Для развития темы Розе никогда не требовались какие-то реальные возражения.

– Просто, – сказала она, – у тебя всегда находится отговорка.

– Это не отговорка, – возразил Сэмми. – Это дисквалификация.

– А почему студентки дисквалифицированы? Напомни, а то я что-то забыла.

– Потому что рядом с ними я себе дубиной кажусь.

– Но ты вовсе не дубина. Ты прекрасно начитан, чертовски разговорчив, зарабатываешь себе на жизнь пером… ну, пусть даже пишущей машинкой.

– Я знаю. Но это иррациональное чувство. И я терпеть не могу глупых женщин. Думаю, мне с ними так скверно оттого, что сам я в университетах не обучался. И я смущаюсь, когда они начинают расспрашивать меня о том, чем я занимаюсь. Мне приходится рассказывать им, что я пишу комиксы, а потом я слышу: «Комиксы? Черт, да ведь это просто макулатура». Или, что еще хуже, эдак снисходительно: «Комиксы? Ах! Обожаю комиксы!»

– С Барбарой Дрезин тебя никогда не станет смущать то, чем ты занимаешься, – сказала Роза. – А кроме того, я уже рассказала ей, что ты также написал три романа.

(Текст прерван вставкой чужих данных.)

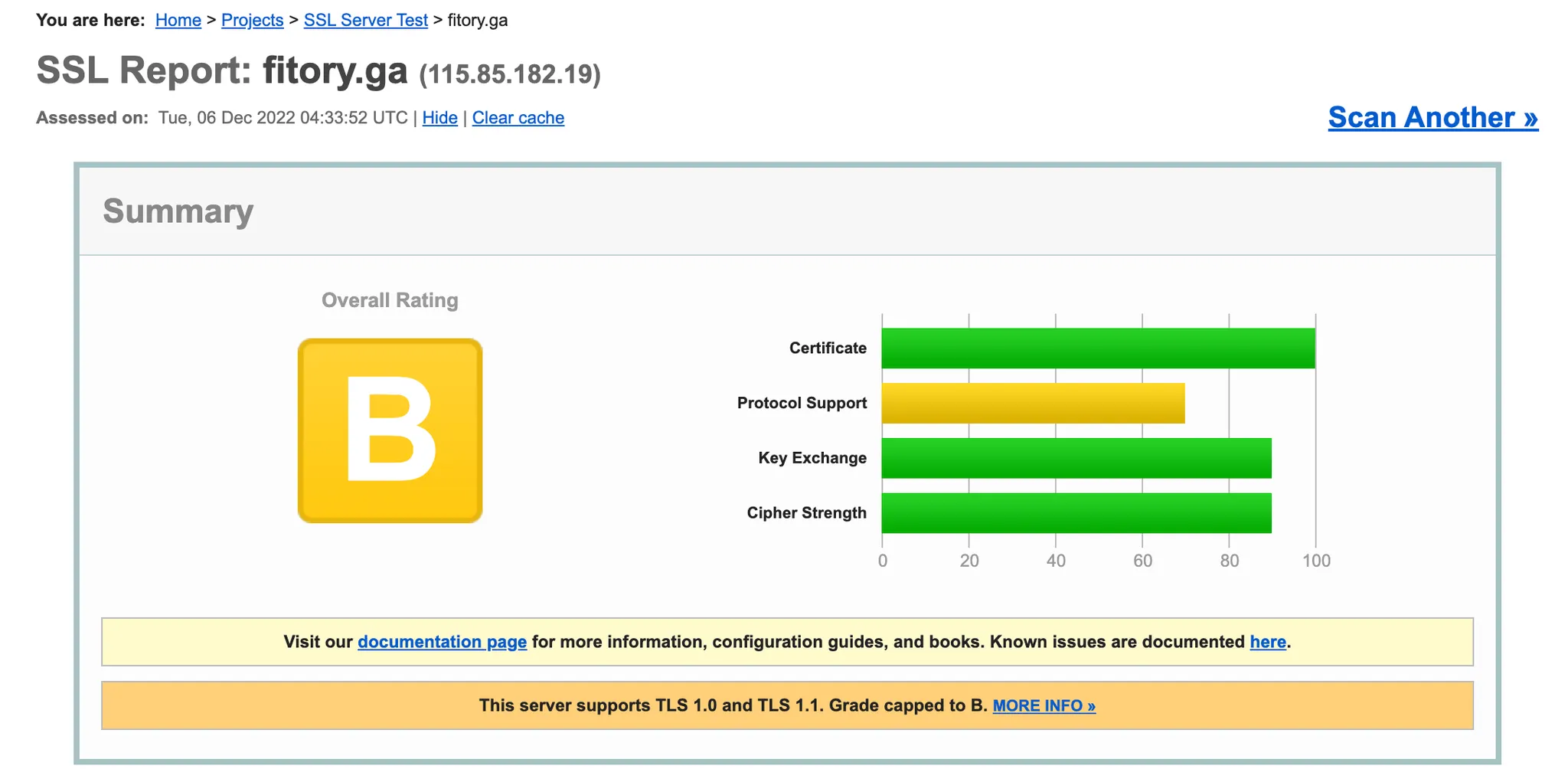 ssllabs.com를 통해 SSL Server Test를 한 결과 B등급이 나왔다. 해당 결과에 만족스럽지 못한 나는 Protocal Support에 문제가 있다는 것을 발견했다.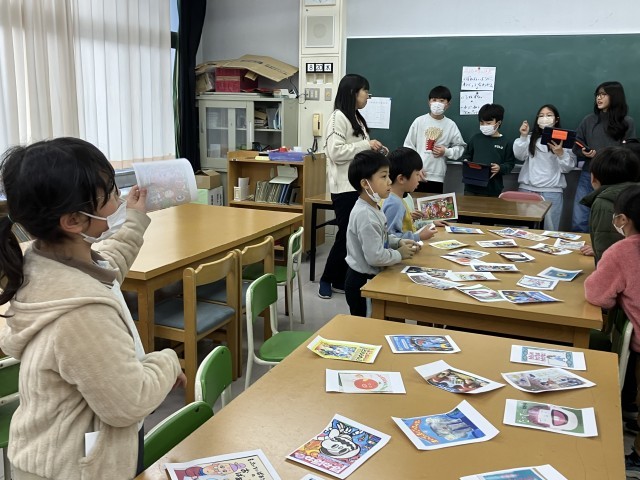 かるた大会 公開日 2025/12/19 更新日 2025/12/19 子どもたち・学校の様子 12月18日(木)、お昼休みを利用して「本となかよし委員会」の企画したかるた大会が図書室で行われました。20冊の本の表紙が印刷された紙を取り合って競います。委員会の子どもたちが本の内容を読むと、ハイ!と紙を取る声が響きます。本好きな子どもたちが集まっているとあって、なかなか白熱しました。さあ、最後の1枚を取るのは誰でしょう? +3

– Проклятье! – вырвалось у Сэмми.

– Ах, извини.

– Послушай, Роза, сколько мне тебя просить, чтобы ты об этом больше никому не рассказывала?

– Еще раз извини. Просто я…

– Черт возьми, ведь это были дешевые романы. Мне платили за ярд. Зачем, по-твоему, для них псевдоним изобрели?

– Ладно, – сказала Роза, – успокойся. Все хорошо. Просто я думаю, что ты должен с ней познакомиться.

– Спасибо. Большое спасибо, но нет. У меня и так слишком много работы.

– Он пишет роман, – сказал Джо, очищая себе «чикиту». Похоже, он черпал немалое удовольствие в обменах репликами между своей подружкой и лучшим другом. Единственным вкладом Джо в убранство квартиры был штабель ящиков, в которых он держал свою быстро растущую коллекцию комиксов. – В свободное время, – добавил он сквозь полный рот банана. – Настоящий роман.

– А, брось, – махнул рукой Сэмми, чувствуя, что краснеет. – С моими темпами мы его только в глубокой старости прочтем.

– Я непременно его прочту, – сказала Роза. – Правда, Сэмми, мне бы ужасно хотелось. Уверена, он отличный.

– Никакой он не отличный. Хотя спасибо. Ты серьезно?

– Совершенно серьезно.

– Может быть, – сказал Сэмми в первый, но далеко не в последний раз за время их долгого союза, – когда я первую главу до ума доведу.

Когда Сэмми тем образцовым апрельским утром – небо в легких облачках, на каждом клочке зелени биг-бэндами покачиваются желтые нарциссы, в воздухе веет любовью и так далее и тому подобное – прибыл в конторы «Эмпайр», он достал из нижнего ящика стола без конца исправляемую первую (и единственную) главу «Американского разочарования», закатал в пишущую машинку чистый лист бумаги и попытался поработать, однако после разговора с Розой его не покидало чувство неловкости. Почему он не захотел хотя бы выпить по коктейлю с хорошенькой девушкой? Откуда он вообще взял, что ему не нравится ходить на свидания со студентками? С таким же успехом можно было заявить, что ему не нравится играть в гольф. Да, у Сэмми было чертовски ясное представление, что эта игра не для него, но неопровержимый факт состоял в том, что единственным полем для гольфа, на какое он в своей жизни ступал, было игрушечное, среди ветряных мельниц с шелушащейся штукатуркой на Кони-Айленде. И почему, раз уж на то пошло, он не ревновал к Джо? Роза была очаровательной, нежной девушкой, от нее всегда пахло пудрой. Но тогда как Сэмми проще, чем с любой другой девушкой, было с ней общаться, обмениваться шпильками, беспечно секретничать, на Розу у него даже почти нигде ничего не чесалось. Временами это отсутствие всякого сладострастного чувства, столь очевидное им обоим, что Роза без малейших угрызений совести расхаживала по квартире в одних панталонах, прикрытых хлопающими полами одной из рубашек Джо, не на шутку Сэмми тревожило. Лежа ночью в постели, он пытался представить себе, как целует Розу, гладит ее густые темные кудри, поднимает полы рубашки, обнажая бледный животик… Однако в свете дня подобные химеры неизменно пропадали. Настоящий вопрос заключался в том, почему он гораздо сильнее ревновал к Розе.